Peace Begins At Home

Creating Zones of Peace
within homes, schools, and ourselves

One of the articles in Creating A Future We Can Live With (IC#40)
Originally published in Spring 1995 on page 9
Copyright (c)1995, 1997 by Context Institute

Young people the world over witness terrifying incidents of violence. Recently some youth and those who work with them have begun developing an antidote to this growing epidemic by creating Zones of Peace, model sanctuaries within their homes, schools, places of worship and within themselves.

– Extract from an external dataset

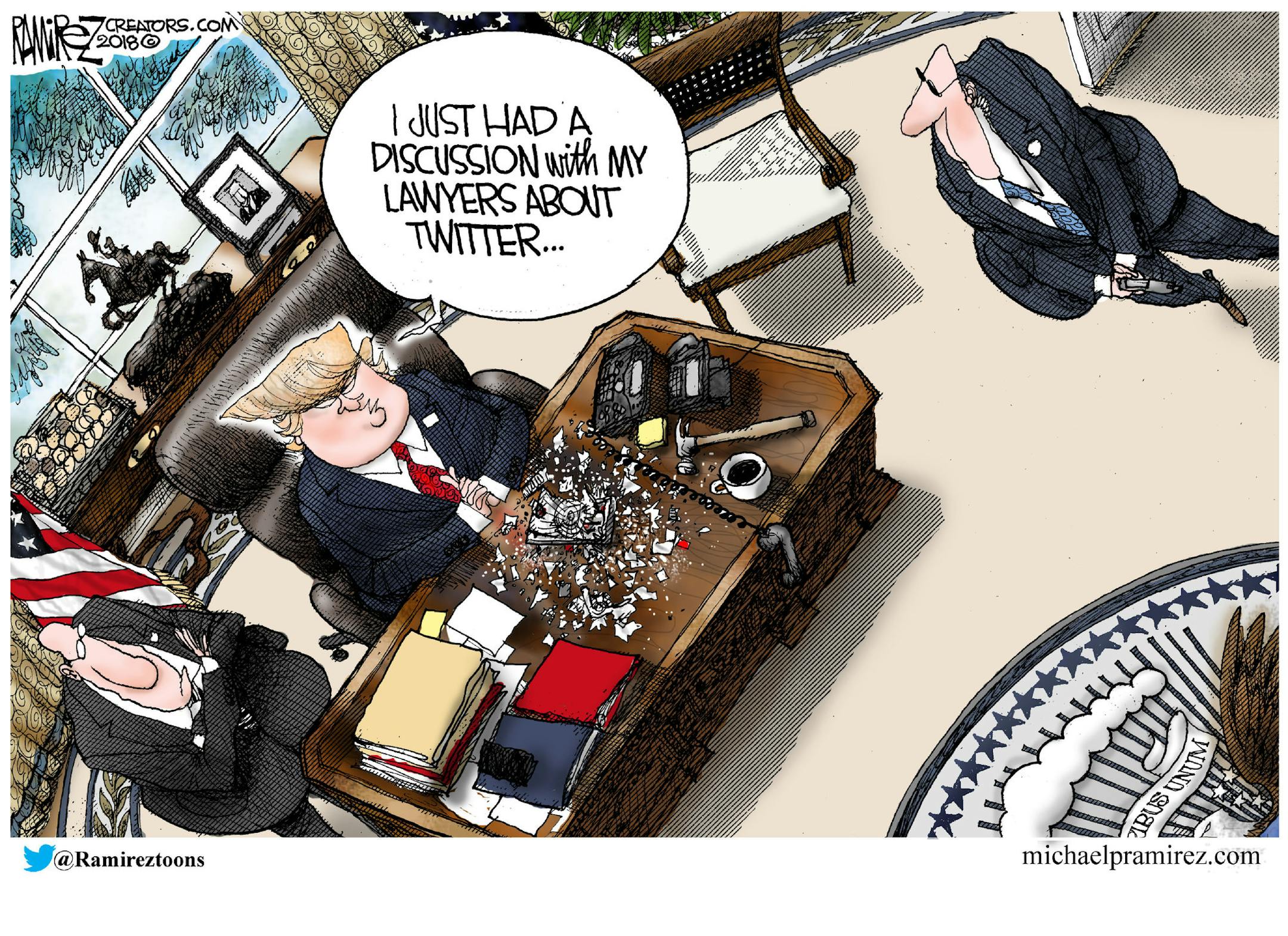 Editorial cartoon: Michael Ramirez on Trump and Twitter

The youth – Indian, Tibetan, and American – come from vastly different cultures. Yet they have all been inspired by the vision of peace put forth by Ivanka Vana Jakic and the Seattle-based Zones of Peace International Foundation (ZOPIF).

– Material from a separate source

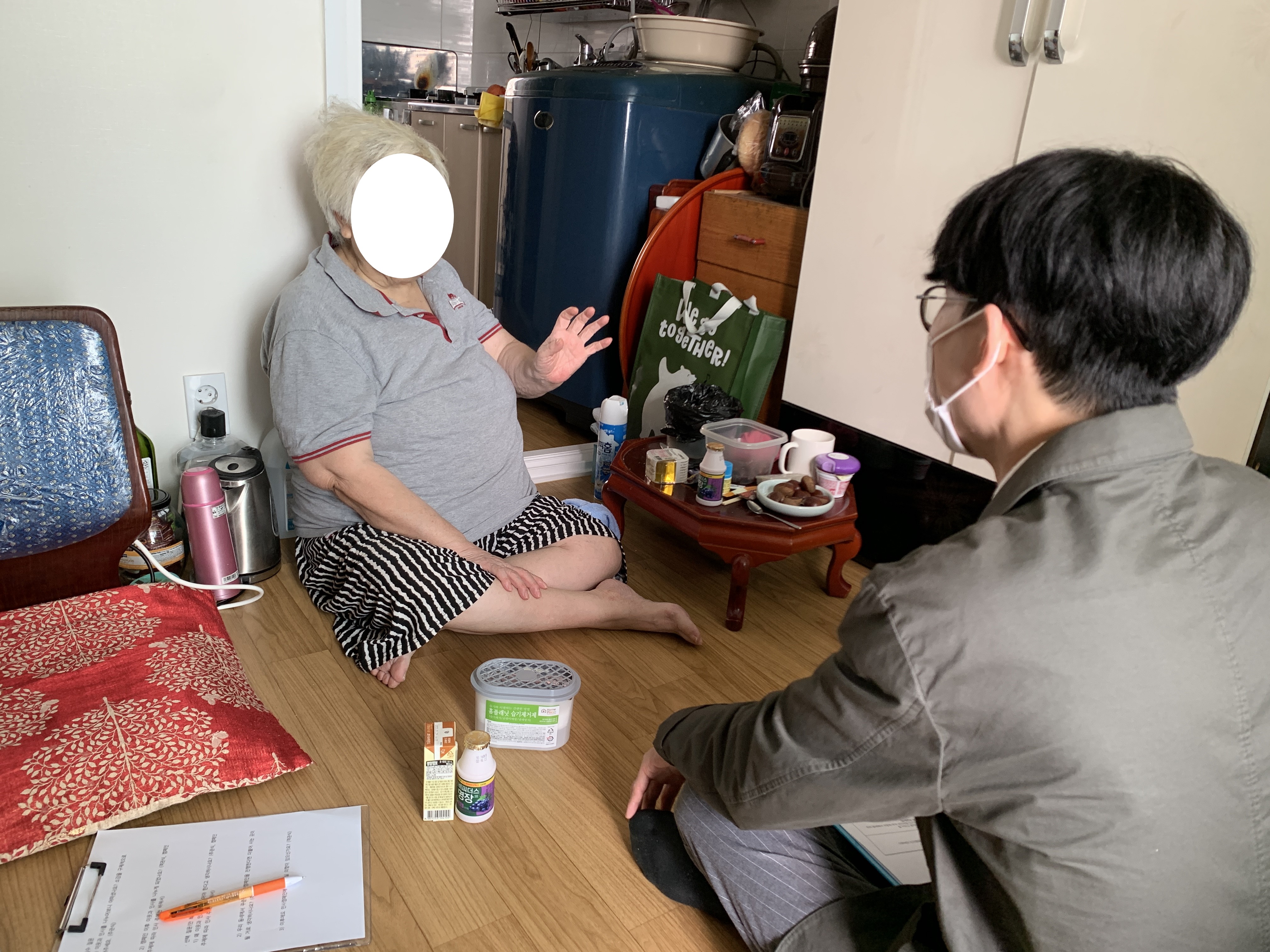 어르신 댁에는 옆집 이웃 분과 요양보호사 선생님이 계셨습니다.

"Real peace has a sacred character," says Vana. "When people desperately yearn for peace, their way of thinking begins to change. Only then does peace begin to re-enter their lives."

Finding Sanctuary

The Zones of Peace effort began in 1989 as an initiative to recognize and protect the world’s sacred sites and cultural monuments from militarization and desecration. (see IC #34). Since then, the Zones of Peace concept has grown to address the needs of diverse communities.

In India, for instance, the faculty of the Tibetan Children’s Village in Dharamsala declared their village temple as a Zone of Peace; they plan to expand the Zone to encompass the entire school and eventually surrounding villages.

Similarly, instructors and trainees at the Manava Bharati Nursery Teacher’s Training Institute in New Delhi have declared their assembly hall as a ‘room of peace’ in affirmation of India’s cultural heritage of nonviolence.

Creating Peace

Those who want to create a zone of peace select the site(s) and define a code of conduct in accordance with ZOPIF’s general principles and requirements. The code typically prohibits all forms of violence, abusive language, and inconsiderate conduct within the zone. Through training in non-violent conflict resolution, members then assume responsibility for maintaining the code.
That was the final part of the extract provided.